# Hi From The Haunted Hayride Capital of The World Lancaster PA



## jasonswoods (Aug 6, 2009)

Hi Everyone,

This is a great forum and today was our first chilly day especially for the last day of August.

The kids went back to school and now time to get started turning our attention to the best time of the year for haunting.

Do many of you that have a haunted attraction start in early Sept and if so has the response been good? 

Thanks,
Zeb


----------



## Fiend4Halloween (Aug 28, 2008)

Greetings jasonswoods, and welcome to a great forum!


----------



## sharpobject (May 7, 2008)

Hi and welcome !!! It's always nice to welcome a fellow PA-er.


----------



## Lady Nyxie (Aug 30, 2006)

Welcome fellow Pennsylvanian!


----------



## IMU (Apr 8, 2009)

Hello and Welcome!


----------



## RoxyBlue (Oct 6, 2008)

Welcome to the Forum, Jason! We confine our "haunt" to the front yard and wait until October for it


----------



## Spooky1 (Aug 25, 2008)

Welcome to the forum, Zeb. Watch out for those Amish ghosts.


----------



## scareme (Aug 29, 2006)

Hi and welcome to the forum. Sorry, I don't start til Oct. either. What kind of haunted attraction do you do?


----------



## Psyc0 Walrus (Sep 1, 2009)

*Hello!*

Hello!

Where is your haunt located? I am on the border of PA and OH so is it near there? I'm always up for checking out haunts!


----------



## Vlad (Aug 2, 2005)

Welcome to the forum


----------



## Joiseygal (Sep 3, 2008)

Welcome to the forum Jasonwoods. I went to a haunted hayride near Lancaster last year called Fields of Screams and I have to say it was awesome! I hope you enjoy the forum.
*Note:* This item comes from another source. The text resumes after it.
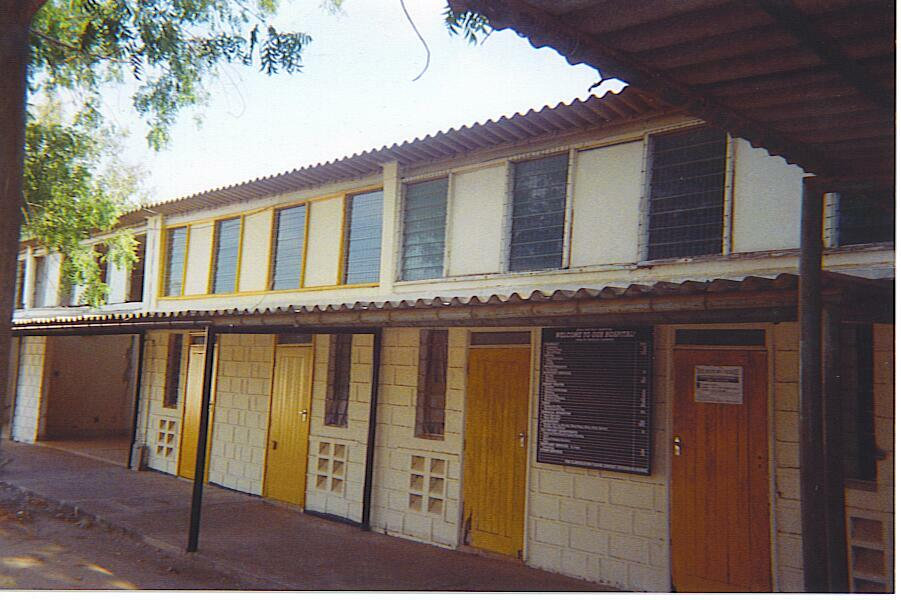 District Hospital at Hola, Kenya. Phtograph taken on a Sunday afternoon.

Oh and I have props all over my basement, but I don't set up until October 1st.


----------



## Devils Chariot (May 23, 2007)

happy birthday Tim!


----------



## spideranne (Jul 17, 2006)

Welcome!


----------



## Death's Door (Mar 22, 2006)

Hello and welcome to the forum!!!!


----------



## pyro (Oct 7, 2006)




----------



## ScreamingScarecrow (Oct 1, 2008)

Welcome Aboard!!
Hope you have a Sinister Season!!


----------